Everyday Is Play

2 Projects for the Videogame-Obsessed

Books Kickstarter Movies Videogames

Everyday Is Play

Many of us grew up with videogames; our kids are certainly growing up in a world where videogames are a given. But for those of us in our thirties and forties, something else is true: videogames grew up with us, and for that reason I think we feel a special bond with videogame culture. Here are two projects that I think videogame fans will appreciate.

Matthew Kenyon is a graphic designer in the UK who happens to be obsessed with videogames, which inspired him to create Game Paused to promote videogame culture. His current project is entitled Everyday Is Play—it’s a hardcover book celebrating videogames, from game-inspired fan art to interviews to game mods.

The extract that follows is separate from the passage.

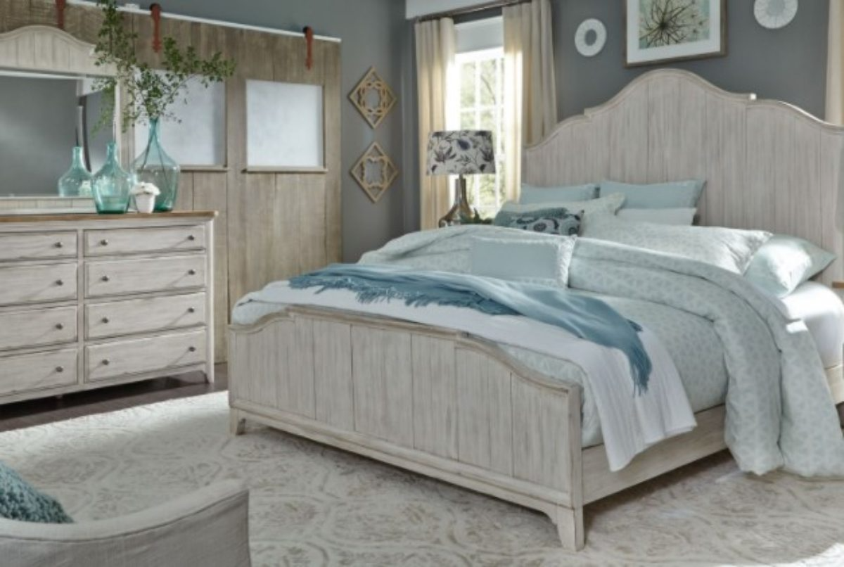 Warm and cozy. Bring beauty indoors with the Farmhouse Reimagined king panel bed, dresser, and mirror. Farmhouse Reimagined offers cottage styles that you love in a heavily distressed finish that will work from the beach to the mountains to an industrial loft.Read More

What’s more, you can submit your own work for Everyday Is Play. The deadline is August 9, 2013, and there’s a list of the types of work Kenyon has in mind (which includes crafts, chiptunes, speed-runs, photography, and more). Kenyon plans to release Everyday Is Play toward the end of the year. I’m looking forward to seeing how it turns out! The NES Club

And here’s one especially for fans of Nintendo: The NES Club, a documentary currently seeking funding on Kickstarter. Jay Bartlett is a game enthusiast with the goal of collecting all 700+ published games for the Nintendo Entertainment System in 30 days—and Rob McCallum is planning to follow him and document the journey.

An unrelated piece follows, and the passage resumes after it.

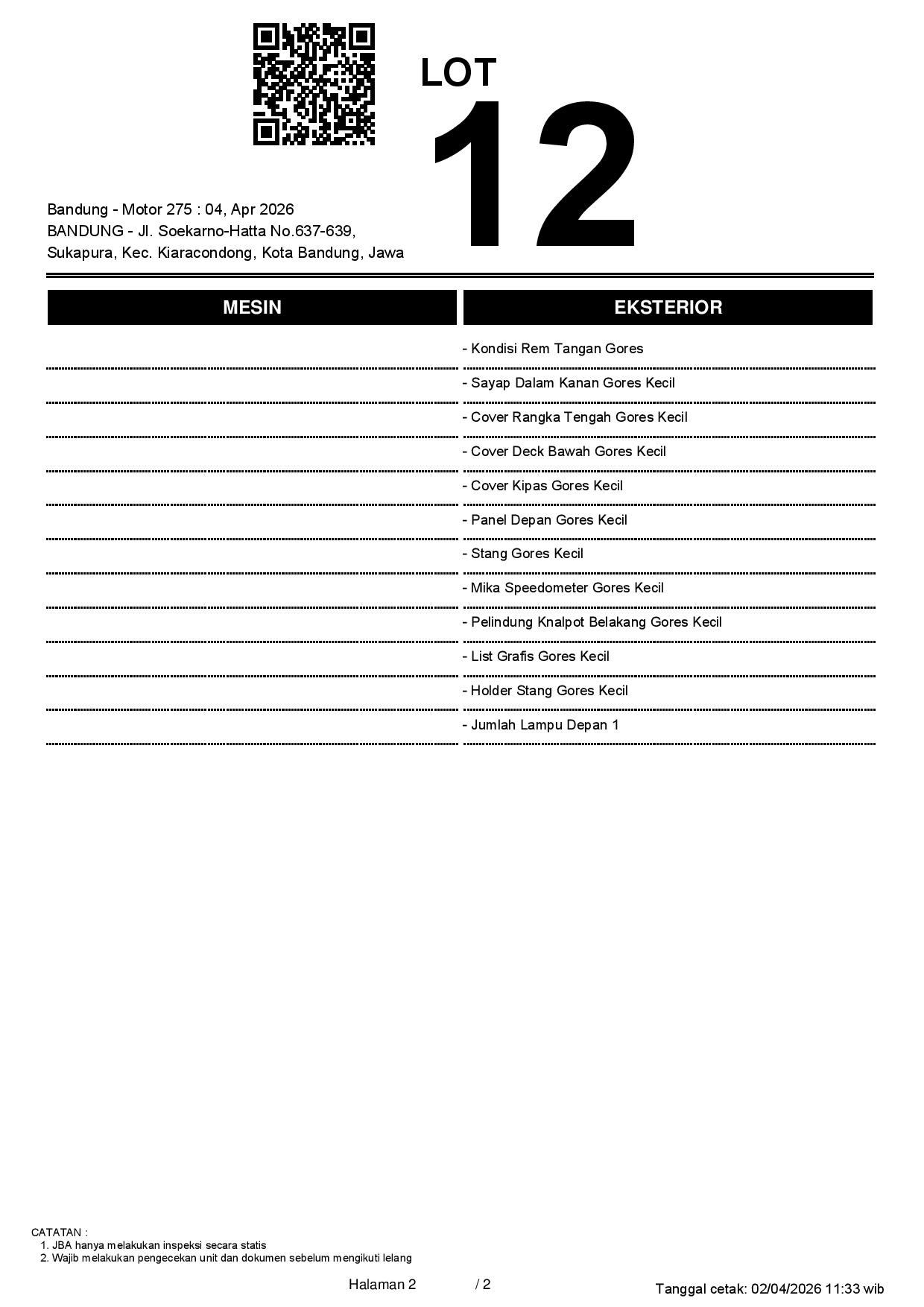 2. Peserta lelang wajib cek unit & dokumen

I should make it clear: the money raised by the Kickstarter campaign is not for Bartlett to pay for the games themselves. He’s using his own money, and the funding goes toward the making of the documentary as they follow Bartlett, and if necessary for travel to interview other people connected to Nintendo and this quest.

Bartlett has set himself one interesting rule: no online purchases allowed. I suppose it makes for a more interesting story than “Well, I managed to find 650 of them on eBay” but it does feel a bit unnecessarily difficult. Then again, what would be more appropriate to gaming culture than making arbitrary rules you have to abide by? I don’t know how likely it is for Bartlett to hit his goal (he says about 80% in the video) but if the Kickstarter campaign succeeds then we’ll be able to see the results, whatever they are.